_REQUIRED ACTION:_
Could you write the entries out again, exactly as they are?

_EXCERPTED DATA:_
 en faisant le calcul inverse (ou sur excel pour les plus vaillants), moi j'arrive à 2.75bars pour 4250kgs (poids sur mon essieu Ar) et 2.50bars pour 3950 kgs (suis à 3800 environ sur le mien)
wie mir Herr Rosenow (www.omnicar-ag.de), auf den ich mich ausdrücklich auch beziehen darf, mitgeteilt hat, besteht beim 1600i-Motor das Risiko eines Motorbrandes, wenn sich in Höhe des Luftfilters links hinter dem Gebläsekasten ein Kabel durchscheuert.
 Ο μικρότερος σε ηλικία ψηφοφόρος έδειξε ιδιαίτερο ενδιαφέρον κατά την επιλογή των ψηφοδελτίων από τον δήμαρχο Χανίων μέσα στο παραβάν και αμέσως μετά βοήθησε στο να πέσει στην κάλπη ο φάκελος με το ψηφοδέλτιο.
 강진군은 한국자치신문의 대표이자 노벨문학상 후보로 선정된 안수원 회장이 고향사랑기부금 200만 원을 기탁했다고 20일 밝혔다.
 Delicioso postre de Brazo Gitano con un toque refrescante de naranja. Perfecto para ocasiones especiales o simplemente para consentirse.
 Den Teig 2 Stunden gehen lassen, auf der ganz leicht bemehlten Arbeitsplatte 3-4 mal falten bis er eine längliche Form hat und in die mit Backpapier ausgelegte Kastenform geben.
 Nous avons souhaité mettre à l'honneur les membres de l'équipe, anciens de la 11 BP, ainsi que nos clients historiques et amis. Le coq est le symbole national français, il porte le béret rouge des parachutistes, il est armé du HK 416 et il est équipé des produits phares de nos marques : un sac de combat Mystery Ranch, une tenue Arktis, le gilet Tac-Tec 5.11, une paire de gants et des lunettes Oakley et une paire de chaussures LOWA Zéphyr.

_RESPONSE BOX:_
 en faisant le calcul inverse (ou sur excel pour les plus vaillants), moi j'arrive à 2.75bars pour 4250kgs (poids sur mon essieu Ar) et 2.50bars pour 3950 kgs (suis à 3800 environ sur le mien)
wie mir Herr Rosenow (www.omnicar-ag.de), auf den ich mich ausdrücklich auch beziehen darf, mitgeteilt hat, besteht beim 1600i-Motor das Risiko eines Motorbrandes, wenn sich in Höhe des Luftfilters links hinter dem Gebläsekasten ein Kabel durchscheuert.
 Ο μικρότερος σε ηλικία ψηφοφόρος έδειξε ιδιαίτερο ενδιαφέρον κατά την επιλογή των ψηφοδελτίων από τον δήμαρχο Χανίων μέσα στο παραβάν και αμέσως μετά βοήθησε στο να πέσει στην κάλπη ο φάκελος με το ψηφοδέλτιο.
 강진군은 한국자치신문의 대표이자 노벨문학상 후보로 선정된 안수원 회장이 고향사랑기부금 200만 원을 기탁했다고 20일 밝혔다.
 Delicioso postre de Brazo Gitano con un toque refrescante de naranja. Perfecto para ocasiones especiales o simplemente para consentirse.
 Den Teig 2 Stunden gehen lassen, auf der ganz leicht bemehlten Arbeitsplatte 3-4 mal falten bis er eine längliche Form hat und in die mit Backpapier ausgelegte Kastenform geben.
 Nous avons souhaité mettre à l'honneur les membres de l'équipe, anciens de la 11 BP, ainsi que nos clients historiques et amis. Le coq est le symbole national français, il porte le béret rouge des parachutistes, il est armé du HK 416 et il est équipé des produits phares de nos marques : un sac de combat Mystery Ranch, une tenue Arktis, le gilet Tac-Tec 5.11, une paire de gants et des lunettes Oakley et une paire de chaussures LOWA Zéphyr.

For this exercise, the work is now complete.